I was always interested in technology and machines, but growing up I also thought about becoming a veterinarian. I actually had an uncle who was a veterinarian, so I shadowed him when I was a teenager in Ireland.
Then my interests really coalesced. I was heavily involved in robotics competitions in my formative years and then later on in high school in Canada, I watched a TED talk by Professor Bob Full who works in integrative biology at University of California, Berkeley. Professor Full does a lot of biomechanics research into how the ablest of animals are able to move around in incredible ways in the natural world.
I ended up calling him during my undergraduate studies in mechanical engineering. He said that he appreciated my enthusiasm, but that if I wanted to do this kind of work on the engineering side I should be contacting his collaborators, the engineering professors. I misspelled every name he told me over the phone, but the first name was Daniel Koditschek, who ended up being my PhD advisor at the University of Pennsylvania. My work there, starting in 2012, was in understanding how animals achieve their amazing mobility, and then trying to synthesize those principles into robotics.
These robots were very good at going over rough terrain, but they weren’t really very responsive in terms of interacting with the environment. So myself and Avik saw room for improvement and ended up building our own infrastructure with four legs that were maximally reactive to the environment. We actually built three robots, using these infrastructures and principles, and our four-legged Minitaur robot was the easiest to control.

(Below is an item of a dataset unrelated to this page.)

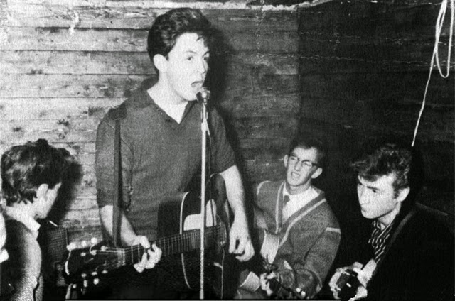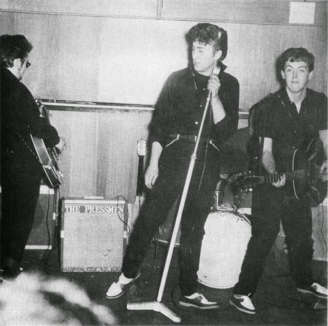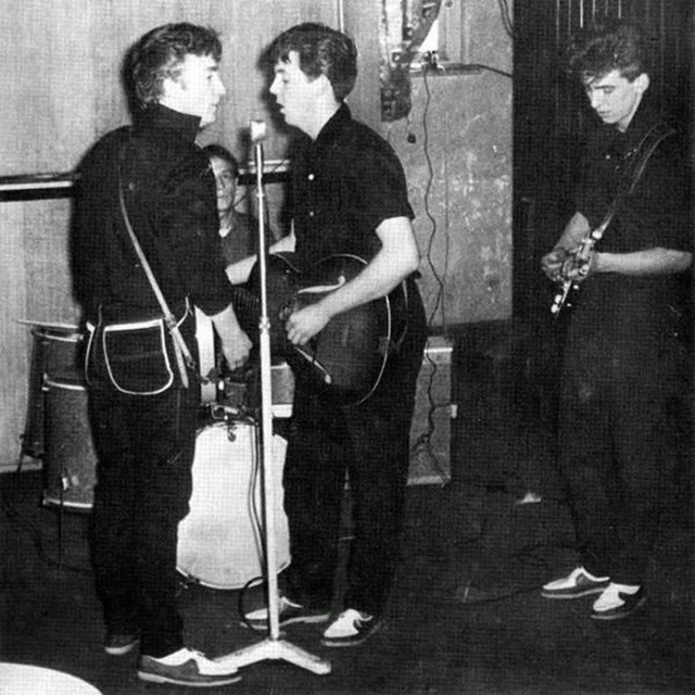 Lennon started a skiffle group that was very briefly called the Blackjacks, but changed the name before any public performances. Some accounts credit Lennon with choosing the new name; other accounts credit his close friend Pete Shotton with suggesting the name. The Quarrymen played at parties, school dances, cinemas and amateur skiffle contests before Paul McCartney joined the band in October 1957. George Harrison joined the band in early 1958 at McCartney’s recommendation, though Lennon initially resisted because he felt Harrison (still 14 when he was first introduced to Lennon) to be too young. Both McCartney and Harrison attended the Liverpool Institute.

Originally, it was really just about research. There were no customers in mind, and we were actually selling the robots to other researchers. We had seen what other companies were doing, in terms of trying to make legged robots useful in real world settings, and robotics was obviously hugely successful in very controlled environments already.
In a factory setting you have robot arms building cars, welding or painting, but it’s such a controlled environment. If there’s any unexpected contact between a robot arm and something else, it might cause the whole plant to shut down and a full investigation to take place. In the real world, every time the leg of a robot touches the ground, that’s technically an unexpected collision. You need a robot to be able to deal with that, and have the system be robust.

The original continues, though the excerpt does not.